Eppure… Dario l’aveva già incontrato. Quando si era trovato davanti la foto l’aveva notato, però pensava fossero sue paranoie, ora invece sì, sapeva di averlo già conosciuto. Dove?
Ma in trattoria, l’abituale trattoria, quella dove andava sempre, dove lavorava Carmen, dove era nata la loro amicizia e dove il maniaco pranzava e li teneva d’occhio. Si era sicuramente costruito il suo piano guardandoli, comprendendo che bastava passare attraverso lei per arrivare a lui.

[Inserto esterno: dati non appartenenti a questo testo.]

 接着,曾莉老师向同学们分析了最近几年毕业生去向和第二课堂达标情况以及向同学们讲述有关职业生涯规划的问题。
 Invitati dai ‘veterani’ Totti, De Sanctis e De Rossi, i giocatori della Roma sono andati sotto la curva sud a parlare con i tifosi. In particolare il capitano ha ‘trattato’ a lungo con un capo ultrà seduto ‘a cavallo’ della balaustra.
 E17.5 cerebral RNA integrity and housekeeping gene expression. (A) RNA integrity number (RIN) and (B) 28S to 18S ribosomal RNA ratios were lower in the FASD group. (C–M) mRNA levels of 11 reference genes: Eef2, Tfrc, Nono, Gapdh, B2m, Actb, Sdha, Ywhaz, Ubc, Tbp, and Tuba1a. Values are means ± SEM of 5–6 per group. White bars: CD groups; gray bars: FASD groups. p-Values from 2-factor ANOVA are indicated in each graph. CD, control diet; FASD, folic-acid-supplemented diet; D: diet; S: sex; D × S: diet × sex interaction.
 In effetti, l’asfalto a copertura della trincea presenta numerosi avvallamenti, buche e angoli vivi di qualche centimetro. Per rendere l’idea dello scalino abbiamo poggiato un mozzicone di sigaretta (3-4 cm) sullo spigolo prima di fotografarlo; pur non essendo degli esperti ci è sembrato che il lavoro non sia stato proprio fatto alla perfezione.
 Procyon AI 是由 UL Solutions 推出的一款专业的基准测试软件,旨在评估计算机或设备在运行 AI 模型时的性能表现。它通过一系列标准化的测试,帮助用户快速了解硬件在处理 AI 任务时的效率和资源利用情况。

Era l’uomo in marrone, quello che lui aveva scambiato per un collega di Gianluca.
Guglielmo sorrise.
E lui ricordò: quel giorno alla trattoria lui stava chiacchierando con qualcuno, gli parlava delle scarpe. Un dettaglio che era stato reso noto solo il giorno dopo da un giornalista. Un dettaglio di cui soltanto poca gente poteva essere a conoscenza e che non avrebbe certo spifferato in giro, tranne la persona lì presente, l’omicida. Come aveva fatto a non pensarci prima? Che imbecille era stato!

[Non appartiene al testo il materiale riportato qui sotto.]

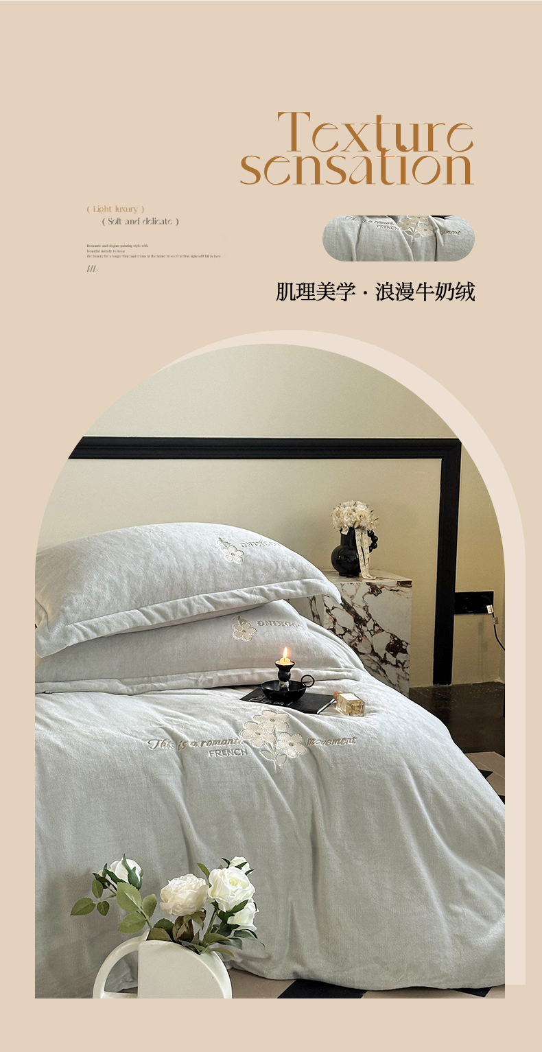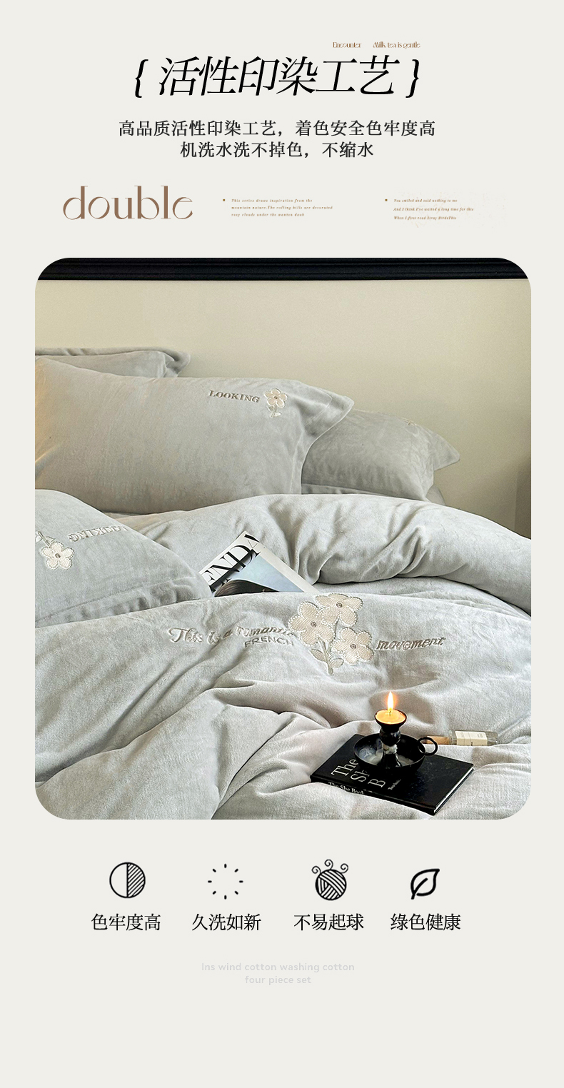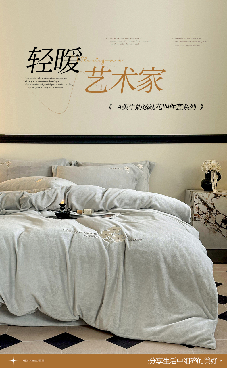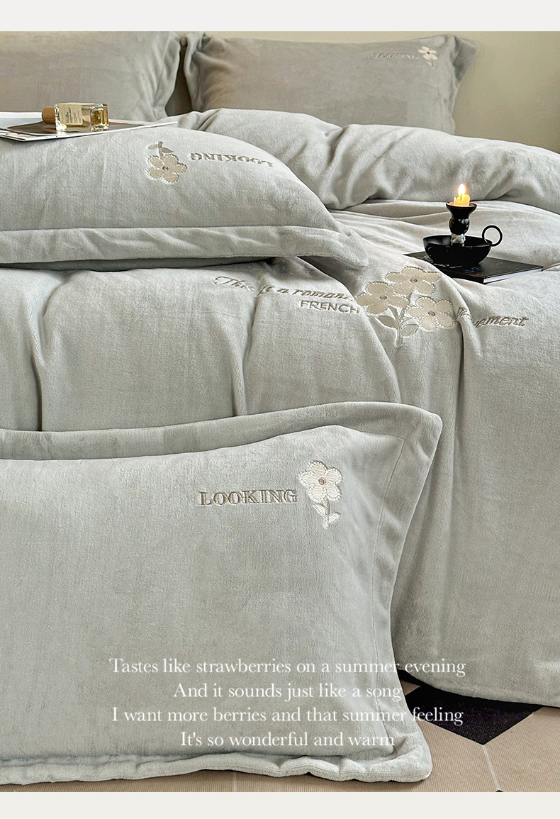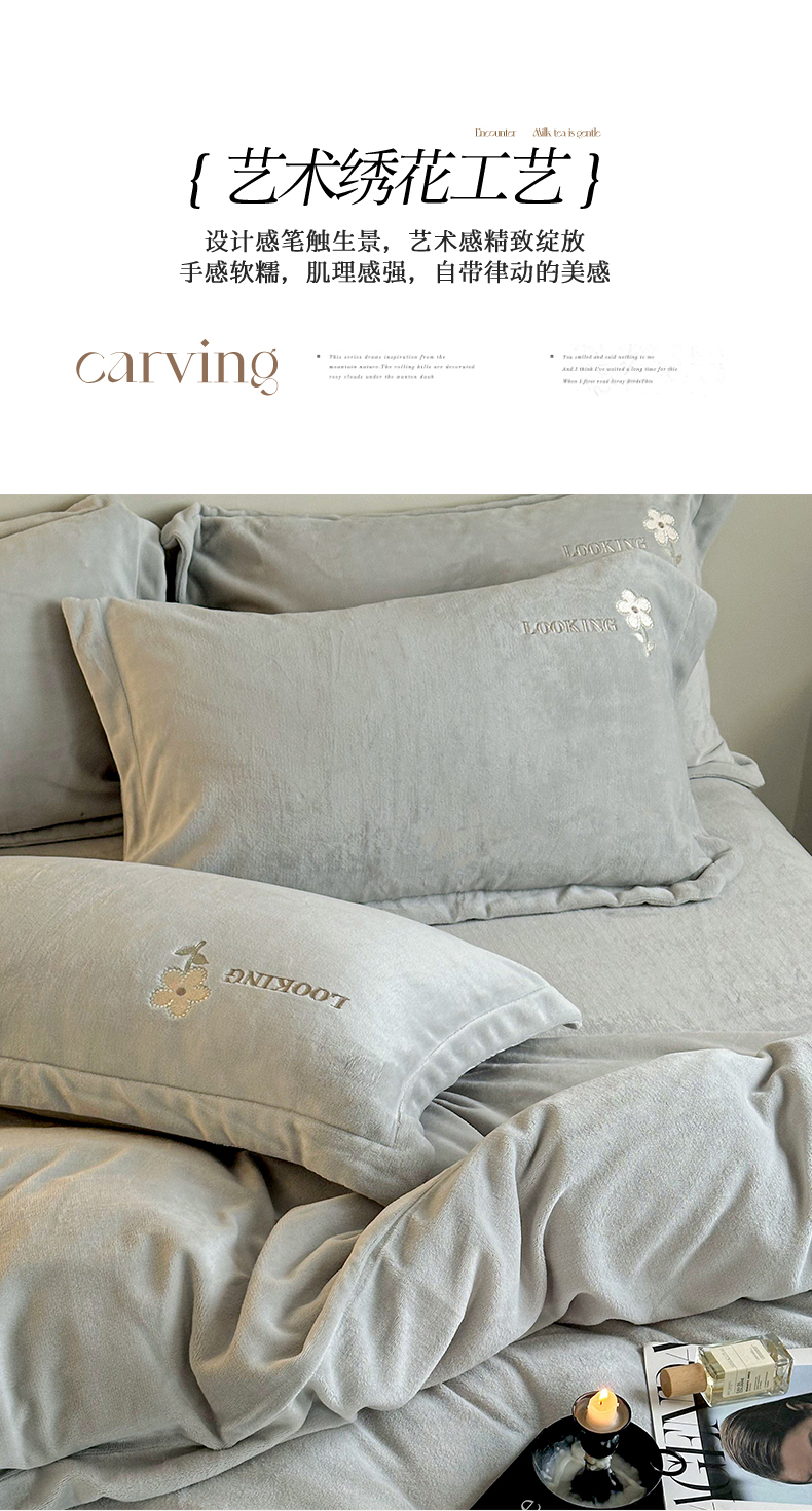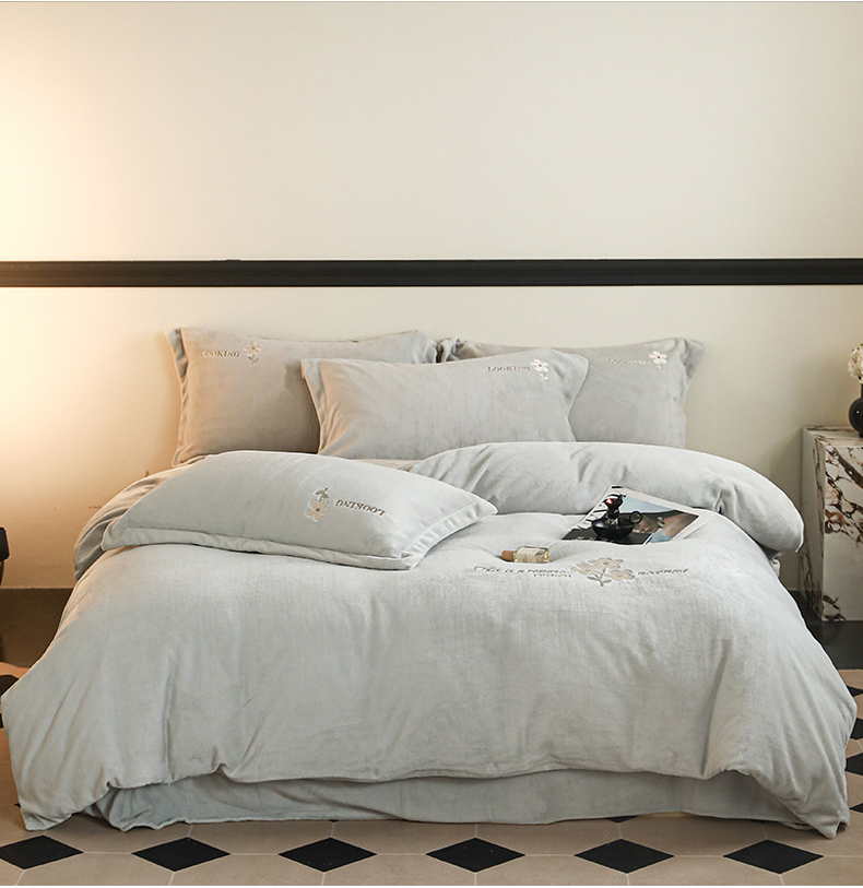 商品名称:泽西家纺 2024秋冬新款加厚保暖A类小清新刺绣牛奶绒四件套-米娅 葭灰

- Sono davvero felice che tu sia qui. Di nuovo insieme.
- E ora che sono qui? – tentò di interrogarlo Dario, non aveva la voce molto ferma.

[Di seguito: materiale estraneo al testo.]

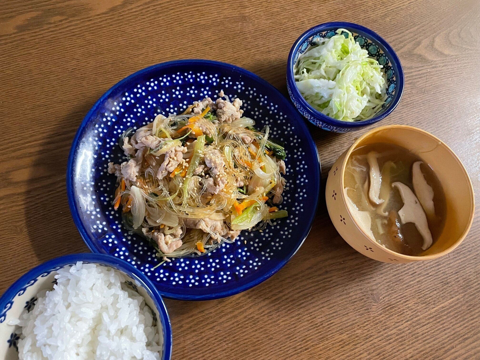 木曜日は、焼き肉のタレを使ったチャプチェ風の炒め物とキャベツのサラダ。ざるに入れた千切りキャベツに熱湯を回しかけてしんなりしたら、塩麹とごま油で味つけしてサラダは完成。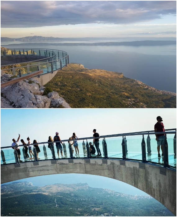 Прозрачные полы и ограждение Skywalk Biokovo на высоте свыше тысячи метров гарантируют адреналиновую встряску (Биоково, Хорватия.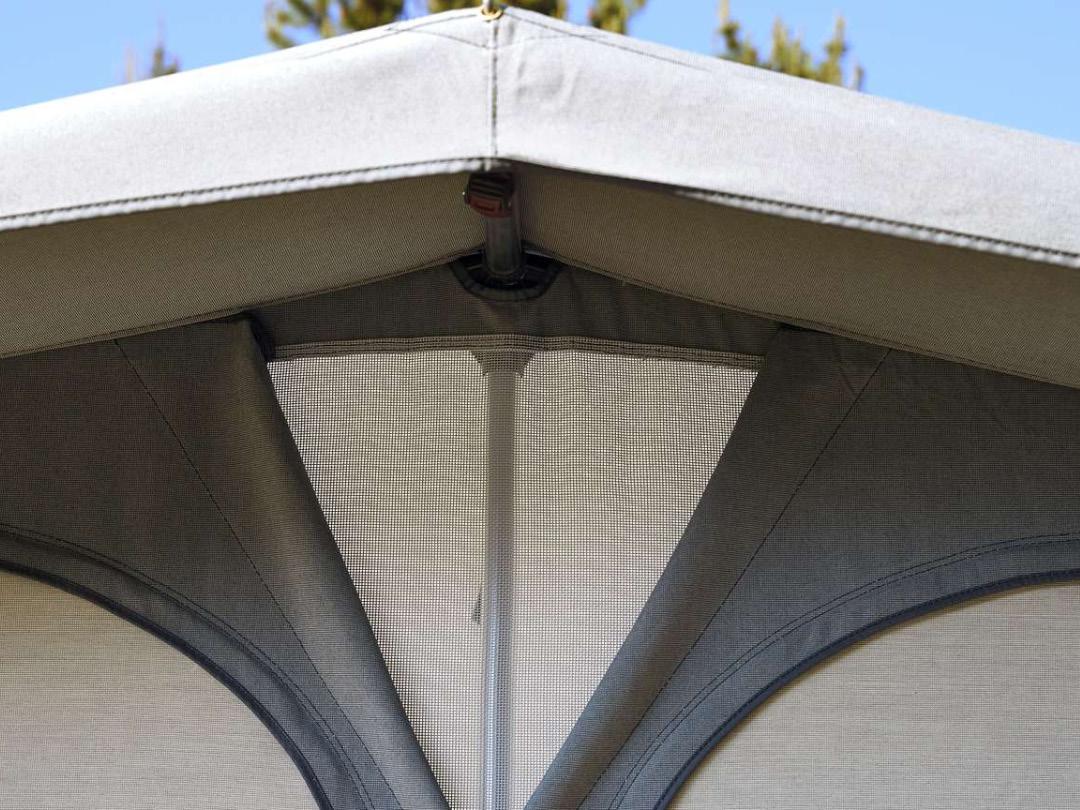 Il materiale del tetto è composto da un mix di poliestere e PVA, in modo da ridurre al minimo la condensa all’interno. Il PVA assorbe l’umidità e ritarda la condensa. All’esterno, il tetto è rivestito da 3 strati che lo rendono facile da pulire e resistente allo sporco e ai raggi UV.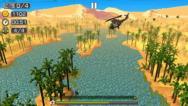 作为该游戏的第二部作品,在游戏中玩家将成为一名直升机驾驶员,挽救战场上受伤士兵的性命,对战向你开火的坦克和卡车,并将友军运送回他们的基地。游戏包含解救人质、歼灭敌军、架设桥梁等多个任务供玩家挑战,非常有意思。本作采用3D引擎制作,玩家将进入一个像素方块世界,所有背景地貌、建筑物、直升机、人物全部都是像素方块构成的,看起来颇有一丝《我的世界》的感觉。

- Il cuore me lo diceva che mi avresti raggiunto. Mio fratello! Siamo nuovamente riuniti.
Gianluca intervenne.
- Sì, è per questo che siamo venuti.
- Tu che c’entri? Non mi sei mai piaciuto, ti sei messo in mezzo tra noi due. E tu gliel’hai permesso – brandì l’arma contro Dario.
- No, no, io… - capiva che doveva blandirlo, soltanto che non sapeva come – volevo che mi aiutasse, per poterti raggiungere. Da solo non ne ero capace, lui è un medico, ha più contatti e così avrebbe potuto rintracciarti. Non lo volevi anche tu?
- Sì, sì. Forse hai ragione tu, lui ti è servito.
- Sì, è stato solamente un mezzo, per me è quello, nient’altro.
Gianluca lo guardò e Dario comprese. Stava cercando di scivolare dietro l’uomo per afferrare Carmen.
Dario continuò a improvvisare.
- Io, io desideravo tanto conoscerti, con tutto quello che ho letto su di te e poi per le tue e-mail, tanto intriganti.
- Ti sono piaciute?
- Certo, mi sono… eccitato.
- Anch’io, anch’io – Ottaviani rise felice. – Ero sicuro che eravamo anime gemelle, me lo diceva il cuore. E tutte le ragazze erano strumenti per impressionarti, per farti smuovere dalla tua dannata libreria, dalla tua apatia, dalla tua squallida vita da libraio. Erano come le briciole di Pollicino.